The waves have become muted in an oil-soaked tide, moving in slow motion. They wash over us and leave us polluted and muted as well. The oil spill in the Gulf is a metaphor for our American society. We shake our fists and shout with fervent, moral outrage that a Phoenix police officer can ask a driver at a traffic stop, who speaks no English, for an ID, while at the same time we take little notice that the President of these here United States has claimed the unilateral power to declare American citizens enemies of the state and have them executed.

It's taking on absurdist and surrealist proportions, thick and oily, dark and filthy, choking us and killing our political environment. The President plans to appoint James Cole to be the number two man at the Justice Department. Cole was a Justice Department official for 13 years before heading into private practice. He was a member of the Clinton transition team; he then served as deputy chief of the public integrity section of the Justice Department.

Then he left government service and went into private practice where he counseled Enron and their accountants, Arthur Andersen among others. He defended McDonnell-Douglas when they were indicted for criminal export violations. He represented individuals and entities in Foreign Corrupt Practices Act matters and individuals and entities accused in money laundering investigations.

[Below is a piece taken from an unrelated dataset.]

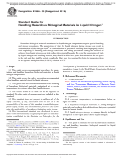 SIGNIFICANCE AND USE 4.1 This guide is intended for use by individuals maintaining and handling hazardous biological material in liquid nitrogen freezers. 4.2 This guide does not cover all aspects of every situation that may be encountered in maintaining hazardous biological material in liquid nitrogen; each situation must therefore be assessed individually using these guidelines. 4.3 This guide is not intended for use with systems other than liquid nitrogen storage. 4.4 This guide does not cover practices for preservation by freezing which are covered in Practice E1342. SCOPE 1.1 This guide covers recommended procedures for maintaining and handling hazardous biological materials at liquid nitrogen temperatures. 1.2 This guide covers the safety precautions recommended when handling material stored in liquid nitrogen. 1.3 This guide does not cover the maintenance and handling of hazardous biological materials maintained at cryogenic temperatures in systems other than liquid nitrogen. 1.4 The values stated in SI units are to be regarded as standard. No other units of measurement are included in this standard. 1.5 This standard does not purport to address all of the safety concerns, if any, associated with its use. It is the responsibility of the user of this standard to establish appropriate safety, health, and environmental practices and determine the applicability of regulatory limitations prior to use. 1.6 This international standard was developed in accordance with internationally recognized principles on standardization established in the Decision on Principles for the Development of International Standards, Guides and Recommendations issued by the World Trade Organization Technical Barriers to Trade (TBT) Committee.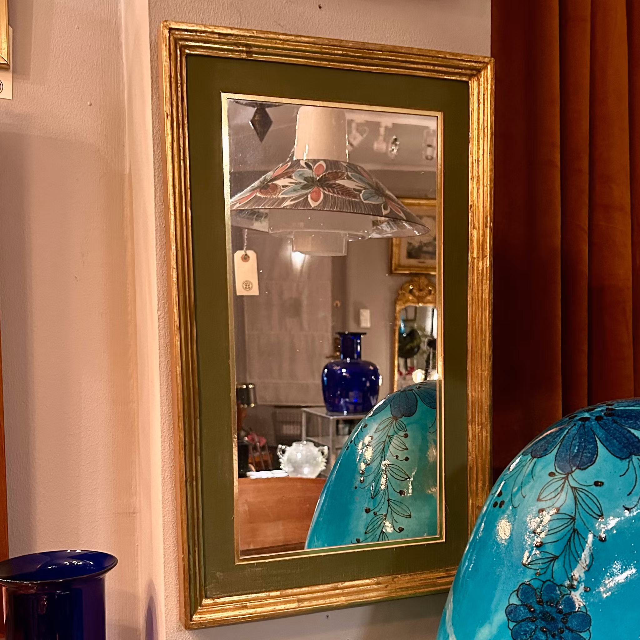 Spegel förgylld med grön textil. Troligen NK. 52x32

He also defended individuals and companies in the health care field in disputes concerning billing fraud and abuse and FDA regulatory issues. When you get in trouble with the government it's always best to have an insider defending you, someone who knows not only the prosecutors by their first names but their kids' first names as well.

In 2004 Cole was hired as part of a government settlement to monitor AIG’s regulatory compliance, financial reporting, whistle-blower protection and employee retention policies. His job was as a watchdog, submitting confidential reports to the Justice Department and the Securities and Exchange Commission. In 2008 when AIG blew up and had to be bailed out to the tune of $182 billion, it was explained by the Wall Street Journal that “Cole’s assignment didn’t include probing the issues that led to the company’s near collapse, including credit-default swaps.”

A partner in a Washington corporate practice that makes its bread and butter by defending the lowest, slimiest corporate creatures ever to wash up on the beach. A man whose career is a procession of insider politics and corporate money, a man whose most recent assignment was as a watchdog and who claimed it wasn’t his department just got promoted to the number two position at the Justice Department. Yes, indeed, we’re going to change the way Washington does business.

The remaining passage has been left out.